Кормилица

Весна 1943 года, фашистов гонят на запад. Семья Анны Погребной – пятеро детей, старшей дочери пятнадцать лет, младшему четыре года. Уже по–летнему жарко, палит солнце. Анна с дочерями Дусей и девятилетней Шуркой в поле на прополке кукурузы. Иван, тринадцатилетний, по–мужски серьёзный паренёк – главная опора в семье, в степи с рассвета, он ездовой*. Дома остаются самые маленькие, Толя – семи лет, да четырехлетний Василёк. «– Вася, – я закрою дверь на улицу»,     – говорит Толя. – Пойду ловить зайчиков, а ты побудешь дома один! – А мне зайчика принесёшь – шлёпает губами малыш. – Да, принесу.
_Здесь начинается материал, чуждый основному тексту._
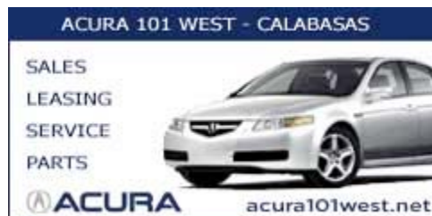
FEATURE BANNER (242 x 120 pixels)
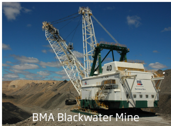
BMA Blackwater Mine
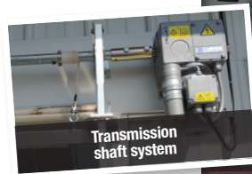
Transmission shaft system
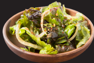
Korean Side Salad for One
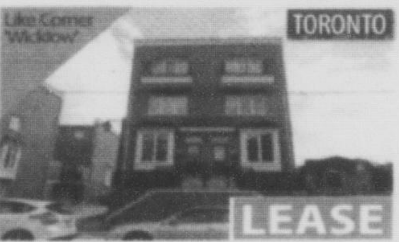
47 River St $2,999 3 Bdrms • 3 Washrooms • Fieldgate
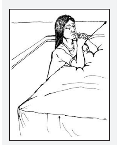
We need to pray for those who pressure us and let God make us more sensitive to their problems.

What kind of peer pressure do you have? How can you stay strong? In what ways are the words "overcome evil with good" (Romans 12:21) helpful in such situations?
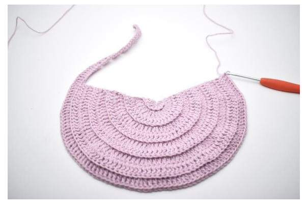
Do NOT turn work, but adjust the angle a bit. Ch 1.
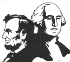
President's Day February 18 th
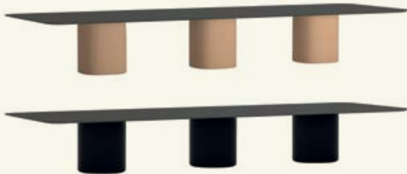
Meeting table with three polyethylene bases and with the option of an FSC® oak plywood base available with different top options.
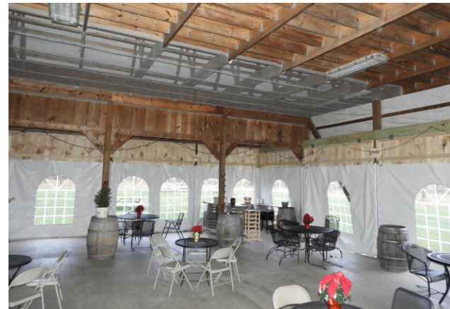
Patio Barn Space Prior to Installation
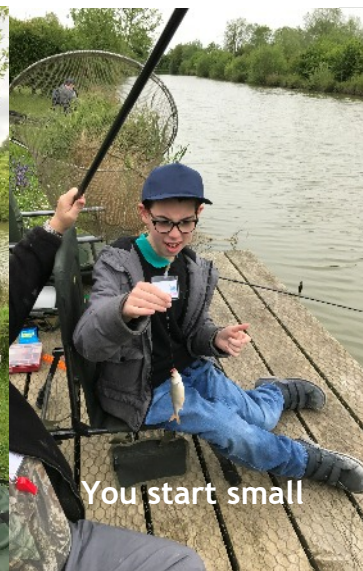
You start small
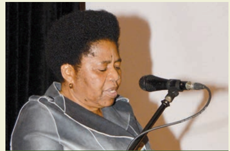
Candith Mashego-Dlamini Deputy Minister of Rural Development and Land Reform
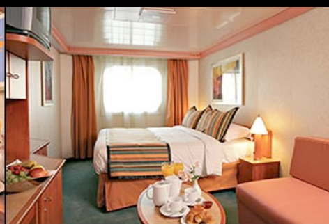
Outside Stateroom - $1,399
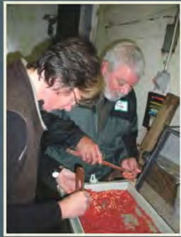
Collecting data for research

Friends of Skagit Beaches supports volunteer projects that monitor local ecosystems, gather data for researchers, and assist local and state organizations to better understand, manage, and restore habitat for fish and wildlife.
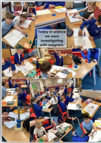
Today in science we were investigating with magnets.

Year 3 had fun learning about magnets this week as part of their Science topic.
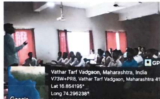
During the Session
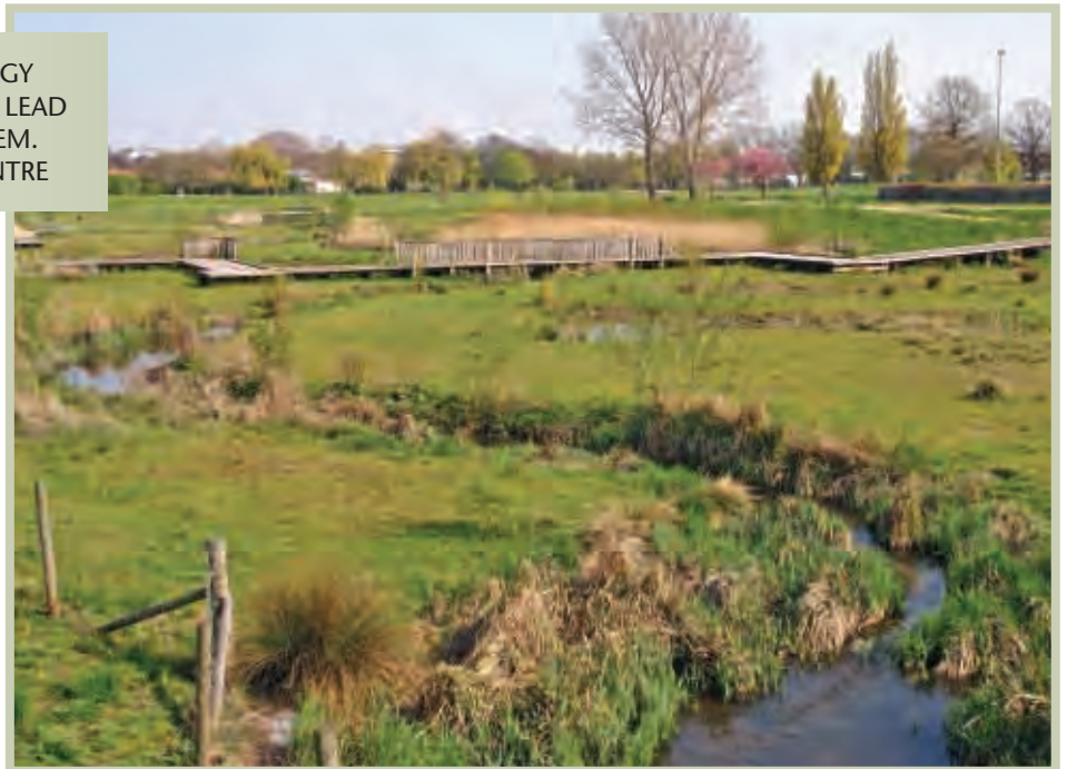
DE-CULVERTING OF THE RIVER QUAGGY AND CONNECTION TO FLOODPLAIN LEAD TO THIS LOVELY WETLAND ECOSYSTEM.

in order to provide tuition free of charge to local youngsters. Details of level 1 and level 2 Angling Development Board (ADB) coaching qualifications are available ( http://www.anglingtrust.net/land-ing.asp?section=27&sectionTitle=Angling+Development+Board ) and TinTT chapters are encouraged to run fishing taster sessions and coaching events, especially to try to involve young people. Informal teaching, practical participation, demonstration and the sheer enjoyment of responsible angling help to pass on the value of healthy urban rivers to future generations of river custodians.

Только не говори мамке, что я тебя одного дома бросал. Не скажешь, нет – упрашивал он брата. – Нет не скажу, только маленького, маленького зайчика принеси, – шепелявя, соглашается младший брат.

Голодно, трудно приходится семье фронтовика, но сердце Анны согревает надежда, нет нет, да и приходит весточка с фронта от мужа. – Крепись, – пишет Андрей, – скоро разобьём фашистов, вернусь домой. Береги детей Анна! Сколько слёз выплакано, сколько горя пережито и под немцами были, и под полицейской плёткой, всё вынесли худенькие женские плечи, всё выдержали материнские сердца.

Толя с такими же семи–восьмилетними пацанами, уходил в степь к прудам, ловить степных зверьков. Пригрело солнце и то тут, то там раздавался свист сусликов–зайчиков, как их ласково называл Василек. Найдя жилые норки, дети таскали с пруда воду ведрами. Тяжело, жарко, но эти дети очень хотели жить! И вот показывается мокрая взъерошенная мордочка. По–деловому, как взрослые, мальчишки тут же снимали шкурки со зверьков. Собрав сухую прошлогоднюю траву и кизяк**, разводили костер. Спички были большой драгоценностью, поэтому костёр нужно было зажечь с одной спички. У кого не получалось, не корили, не смеялись, но не по–детски серьёзные выражения лиц, говорили о многом. Сегодня костровой – Толик. Мальчишки, одев тушки на проволоку, суют их в пламя костра. Перемазанные сажей, довольные, только энергично работают челюсти. Не забывают они и о младших сёстрах и братьях, каждый со своей порции оставляет домашним. – Что там у тебя копошится за пазухой?      – Да суслик – не хотя отвечает Толя Погребной. – Васька так просит зайчика, снесу я ему, да и суслик такой маленький, и убивать жалко его. Васька грозится мамке сказать, что я его одного дома бросаю, так я ему обещал. – Ну коли обещал, снеси – авторитетно говорит старшой, Петька Калинкин – девяти лет.

Сколько радости было у Василька, когда он наконец получил, давно желаемого зайчика, с ним он не расставался, заботился, рвал травку. Только лишь на ночь оставлял его в каменном домике–норке, который сделал эму старший брат. Но основное внимание в семье отдавалось козе Клашке. Сколько надежд и ожиданий на неё возлагалось зимой. А какова была радость ребятни, когда у неё появился маленький козленочек.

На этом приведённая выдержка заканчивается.